Predict function is showing error

Hi,

Thank you for this interactive demo of VQA. Anyway while running the prediction cell:

`y_output = model_vqa.predict([question_features, image_features])

labelencoder = joblib.load(label_encoder_file_name)
for label in reversed(np.argsort(y_output)[0,-5:]):
print str(round(y_output[0,label]*100,2)).zfill(5), "% ", labelencoder.inverse_transform(label)`

Then it showing some error just as below:

`ValueError Traceback (most recent call last)
in ()
----> 1 y_output = model_vqa.predict([question_features, image_features])
2
3 # This task here is represented as a classification into a 1000 top answers
4 # this means some of the answers were not part of training and thus would
5 # not show up in the result.

/usr/local/lib/python2.7/dist-packages/Keras-1.0.2-py2.7.egg/keras/models.pyc in predict(self, x, batch_size, verbose)
454 if self.model is None:
455 raise Exception('The model needs to be compiled before being used.')
--> 456 return self.model.predict(x, batch_size=batch_size, verbose=verbose)
457
458 def predict_on_batch(self, x):

/usr/local/lib/python2.7/dist-packages/Keras-1.0.2-py2.7.egg/keras/engine/training.pyc in predict(self, x, batch_size, verbose)
1117 f = self.predict_function
1118 return self._predict_loop(f, ins,
-> 1119 batch_size=batch_size, verbose=verbose)
1120
1121 def train_on_batch(self, x, y,

/usr/local/lib/python2.7/dist-packages/Keras-1.0.2-py2.7.egg/keras/engine/training.pyc in _predict_loop(self, f, ins, batch_size, verbose)
837 ins_batch = slice_X(ins, batch_ids)
838
--> 839 batch_outs = f(ins_batch)
840 if type(batch_outs) != list:
841 batch_outs = [batch_outs]

/usr/local/lib/python2.7/dist-packages/Keras-1.0.2-py2.7.egg/keras/backend/theano_backend.pyc in call(self, inputs)
505 def call(self, inputs):
506 assert type(inputs) in {list, tuple}
--> 507 return self.function(*inputs)
508
509

/usr/local/lib/python2.7/dist-packages/theano/compile/function_module.pyc in call(self, _args, *_kwargs)
869 node=self.fn.nodes[self.fn.position_of_error],
870 thunk=thunk,
--> 871 storage_map=getattr(self.fn, 'storage_map', None))
872 else:
873 # old-style linkers raise their own exceptions

/usr/local/lib/python2.7/dist-packages/theano/gof/link.pyc in raise_with_op(node, thunk, exc_info, storage_map)
312 # extra long error message in that case.
313 pass
--> 314 reraise(exc_type, exc_value, exc_trace)
315
316

/usr/local/lib/python2.7/dist-packages/theano/compile/function_module.pyc in call(self, _args, *_kwargs)
857 t0_fn = time.time()
858 try:
--> 859 outputs = self.fn()
860 except Exception:
861 if hasattr(self.fn, 'position_of_error'):

ValueError: total size of new array must be unchanged
Apply node that caused the error: Reshape{3}(Elemwise{Add}[(0, 0)].0, TensorConstant{[ -1 30 512]})
Toposort index: 49
Inputs types: [TensorType(float32, matrix), TensorType(int64, vector)]
Inputs shapes: [(3, 512), (3,)]
Inputs strides: [(2048, 4), (8,)]
Inputs values: ['not shown', array([ -1, 30, 512])]
Outputs clients: [[Join(TensorConstant{2}, Reshape{3}.0, Reshape{3}.0, Reshape{3}.0, Reshape{3}.0)]]

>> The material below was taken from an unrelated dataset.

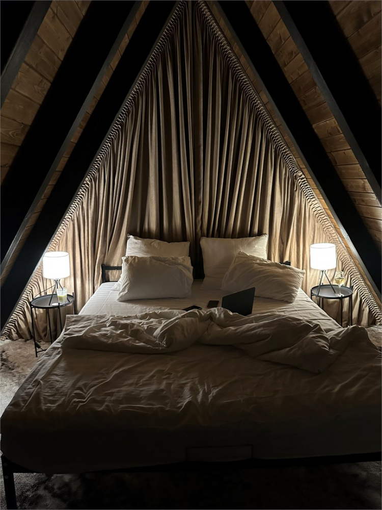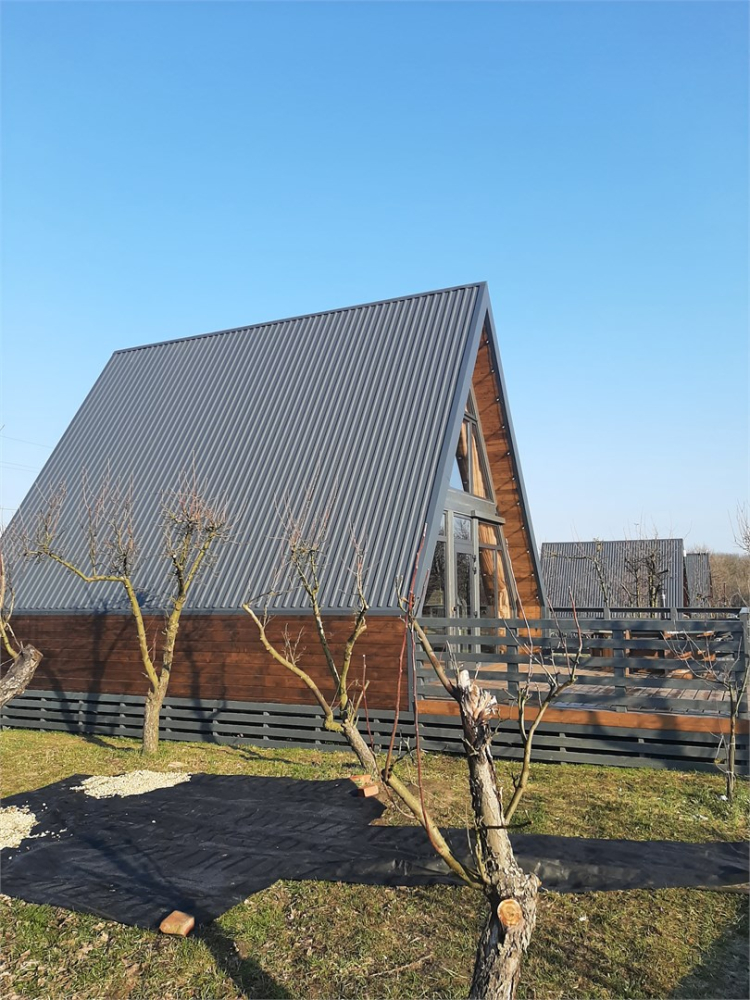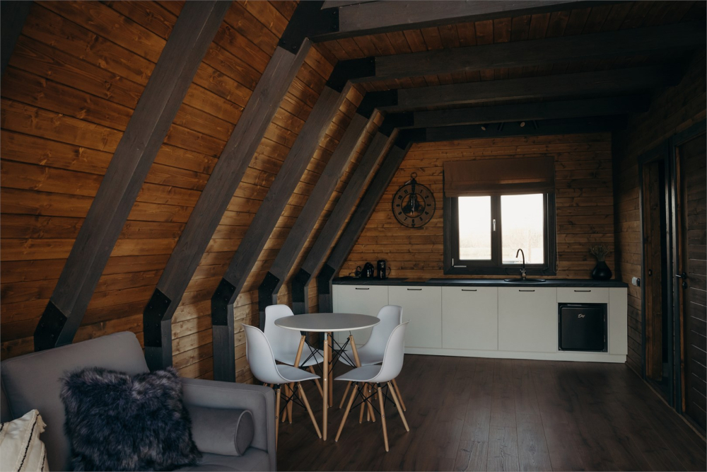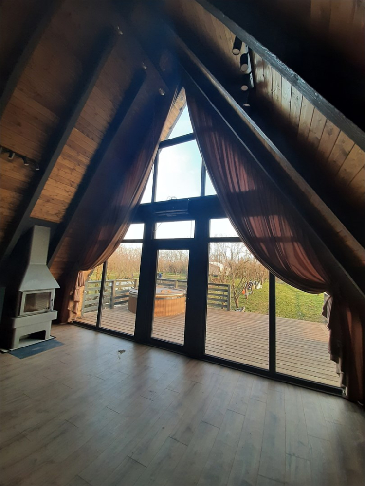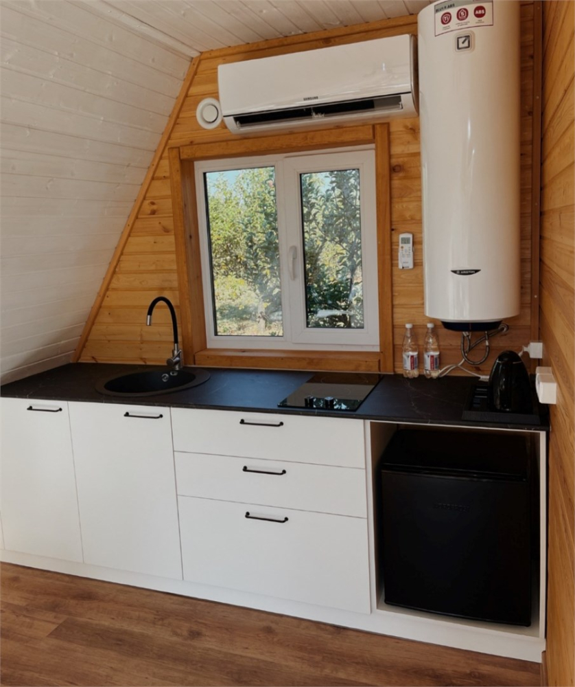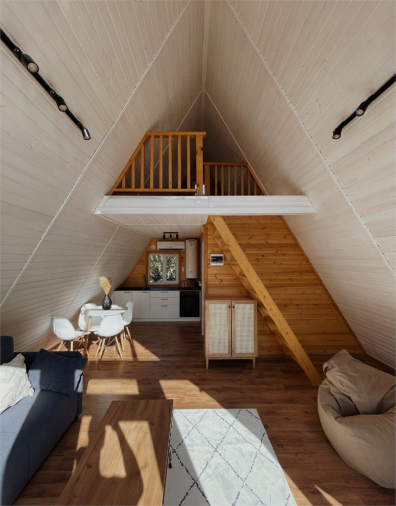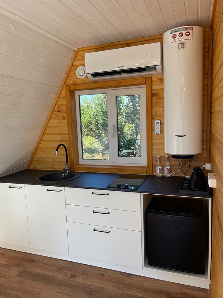 Бесспорный фаворит наших гостей. Двухуровневый уютный дом среди яблоневого сада, который вмещает в себя максимум 4 человека. Стиль, атмосфера и комфорт - слова, описывающие полностью A-frame.
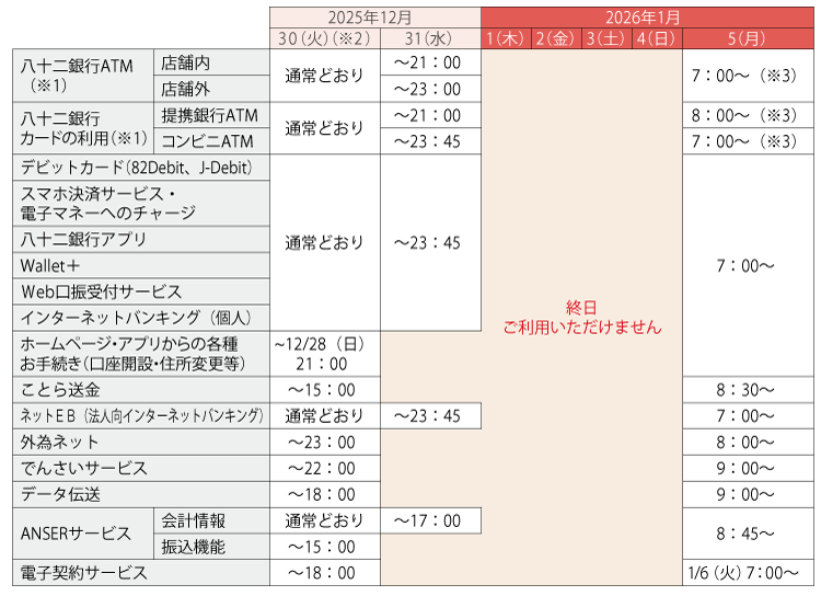 八十二銀行カードの利用(※1) | 提携銀行ATM | 通常どおり | ~21:00 | 8:00~(※3) | ||||

Backtrace when the node is created(use Theano flag traceback.limit=N to make it longer):
File "/usr/local/lib/python2.7/dist-packages/Keras-1.0.2-py2.7.egg/keras/engine/topology.py", line 341, in create_input_layer
self(x)
File "/usr/local/lib/python2.7/dist-packages/Keras-1.0.2-py2.7.egg/keras/engine/topology.py", line 485, in call
self.add_inbound_node(inbound_layers, node_indices, tensor_indices)
File "/usr/local/lib/python2.7/dist-packages/Keras-1.0.2-py2.7.egg/keras/engine/topology.py", line 543, in add_inbound_node
Node.create_node(self, inbound_layers, node_indices, tensor_indices)
File "/usr/local/lib/python2.7/dist-packages/Keras-1.0.2-py2.7.egg/keras/engine/topology.py", line 148, in create_node
output_tensors = to_list(outbound_layer.call(input_tensors[0], mask=input_masks[0]))
File "/usr/local/lib/python2.7/dist-packages/Keras-1.0.2-py2.7.egg/keras/layers/recurrent.py", line 219, in call
preprocessed_input = self.preprocess_input(x)
File "/usr/local/lib/python2.7/dist-packages/Keras-1.0.2-py2.7.egg/keras/layers/recurrent.py", line 729, in preprocess_input
input_dim, self.output_dim, timesteps)
File "/usr/local/lib/python2.7/dist-packages/Keras-1.0.2-py2.7.egg/keras/layers/recurrent.py", line 38, in time_distributed_dense
x = K.reshape(x, (-1, timesteps, output_dim))
File "/usr/local/lib/python2.7/dist-packages/Keras-1.0.2-py2.7.egg/keras/backend/theano_backend.py", line 283, in reshape
return T.reshape(x, shape)

HINT: Use the Theano flag 'exception_verbosity=high' for a debugprint and storage map footprint of this apply node.`

SyntaxError: invalid syntax

File "demo.py", line 114
print str(round(y_output[0,label]*100,2)).zfill(5), "% ", labelencoder.inverse_transform(label)
^
How do I resolve this error? Please help.

Error predicting


ValueError Traceback (most recent call last)
in
8 labelencoder = joblib.load(label_encoder_file_name)
9 for label in reversed(np.argsort(y_output)[0,-5:]):
---> 10 print(str(round(y_output[0,label]*100,2)).zfill(5), "% ",labelencoder.inverse_transform(label))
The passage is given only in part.